Весьма важны следующие терминологические установки у Стобея:
"Из благ одни – в движении, другие – в пребывании (еп schesei). В движении – такие, как радость, веселие, мудрое сообщество. В пребывании – такие, как размеренный покой, безмятежная устойчивость, мужественное внимание. Блага в пребывании бывают одни – в состоянии (en hexei), как, например, добродетели, другие – только в пребывании, как упомянутые. В состоянии не только добродетели, но и искусства, измененные в серьезном человеке добродетелью и сделавшиеся лишенными шаткости, как бы уже превратившись в добродетели. Они говорят, что к благу в его "состоянии" относятся и так называемые занятия, любовь к поэзии, к литературе, геометрии и подобное, ибо в том, что свойственно этим искусствам, заключается некий избранный путь добродетели, возводящей их к жизненной цели" (III 111).
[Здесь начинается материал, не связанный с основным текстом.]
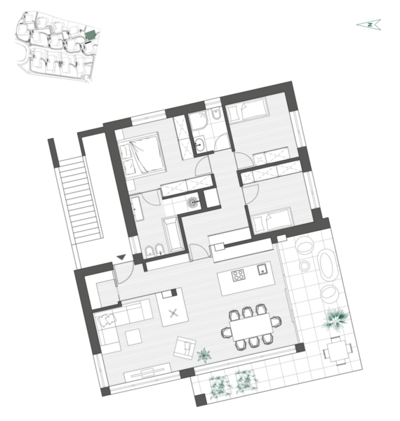 Dieses hochwertige Penthouse in der Wohnanlage „Christelehof“ verbindet die perfekte Balance aus Stadtnähe und Naturverbundenheit. Von hier genießen Sie einen herrlichen Blick über Brixen, während der angrenzende Wald die Lage zusätzlich aufwertet. Der lichtdurchflutete Wohnbereich mit offener Küche und modernem Ofen bildet das Herzstück der Wohnung. Es gibt drei Schlafzimmer, darunter ein Elternschlafzimmer mit eigenem Bad sowie zwei Kinderzimmer. Ein weiteres Badezimmer sorgt für zusätzlichen Komfort. Das Highlight ist die großzügige Terrasse, die zum Durchatmen, Genießen und Ankommen einlädt. Ein großer Keller, ideal als Fitnessraum oder Studio sowie eine Doppelgarage runden das Angebot ab. Die Immobilie ist nicht konventioniert und kann somit als Ferienunterkunft genutzt werden.

Искусство здесь, таким образом, мыслится как 1) устойчиво пребывающее, 2) состояние (hexis) 3) блага (agathon), 4) уступающее, однако, по крепости добродетели. Из других текстов мы узнаем, что для добродетели в этом смысле у стоиков был особый технический термин – diathesis, "расположение", подчеркивающий именно ее устойчивость и крепость. Диоген Лаэрций (VII 98 = III 105) пишет:
"Из благ относительно души одни – состояния, другие – расположения, третьи – ни состояния, ни расположения. Расположения – добродетели, занятия – состояния; не состояния и не расположения – действия (energeiai)".
Симплиций (II 393) так и употребляет термины, сравнивая "добродетели" с "искусствами".
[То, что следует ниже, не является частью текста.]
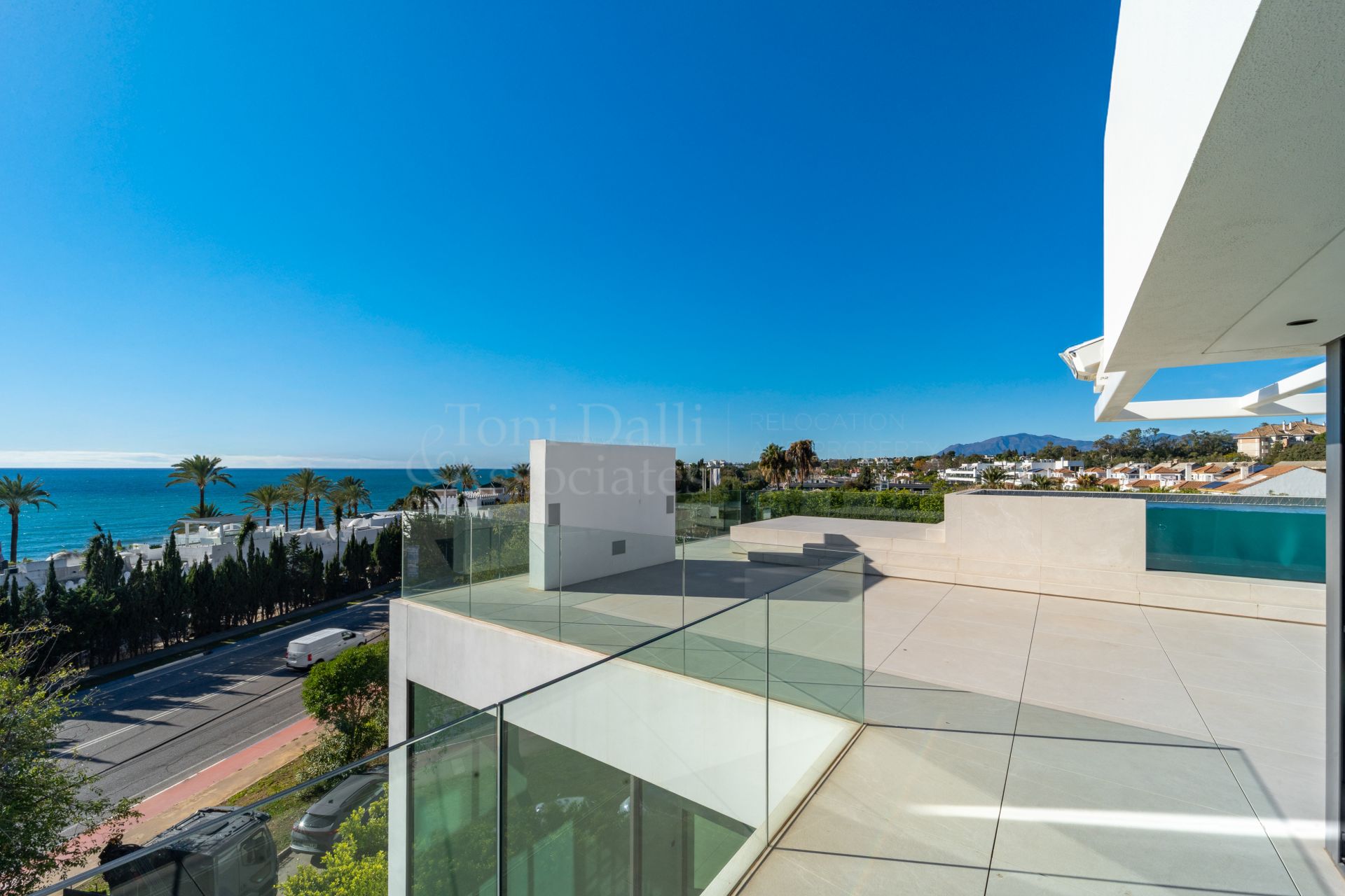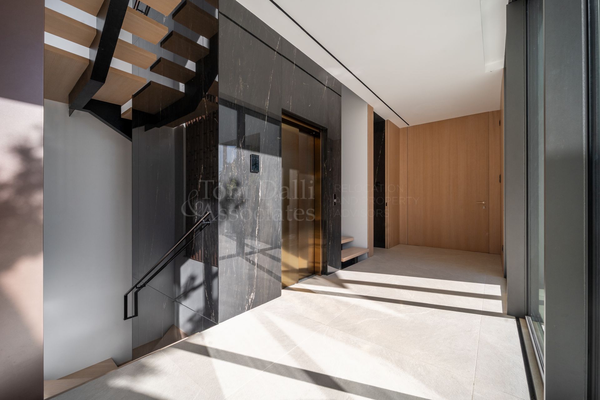 This exceptional semi-detached villa is located within the exclusive Vilas 12 development on Marbella’s Golden Mile, one of the most prestigious and sought-after residential areas on the Costa del Sol. Designed across four levels with contemporary architecture and premium materials, the property offers 714 m² built, including 448 m² of interior living space and 265 m² of terraces, all set on a 361 m² plot. It combines modern elegance, practical comfort, and a privileged lifestyle setting, making it an ideal choice as a primary residence, a luxurious second home, or a high-yield rental investment.

Вывод из всего этого один: как природа творит сама из себя и по своим целям, так и внутренний человек творит сам из себя и по своим целям; тут полностью повторяется творческая природа со всей устойчивостью своих произведений. Это – "добродетель". Хуже этого и обычное искусство, как более внешнее и пустое и менее устойчивое созидание. И поскольку здесь уже почти кончаются все необходимые тексты для выяснения понятия искусства у стоиков, нужно со всей отчетливостью и с полным бесстрашием формулировать всю специфику стоического понимания искусства.
Именно искусство творится только внутри самого человека и больше нигде, так что подлинным и самым настоящим произведением искусства является только сам человек и притом прежде всего в своем внутреннем устроении. Мы уже не раз убеждались выше, что это не просто мораль. Это – человеческая мораль, но эстетически благоустроенная со всеми основными признаками эстетического вообще: она и довлеет себе, она одинаково содержательна и практична, она есть красота и польза одновременно, она есть неувядающее и никогда не иссякаемое удовольствие, она бескорыстна, и она непоколебима. Но тут надо ответить и на другой вопрос, а именно, что же такое для стоиков искусство в обыкновенном смысле слова, то есть поэзия, музыка, риторика, скульптура, архитектура.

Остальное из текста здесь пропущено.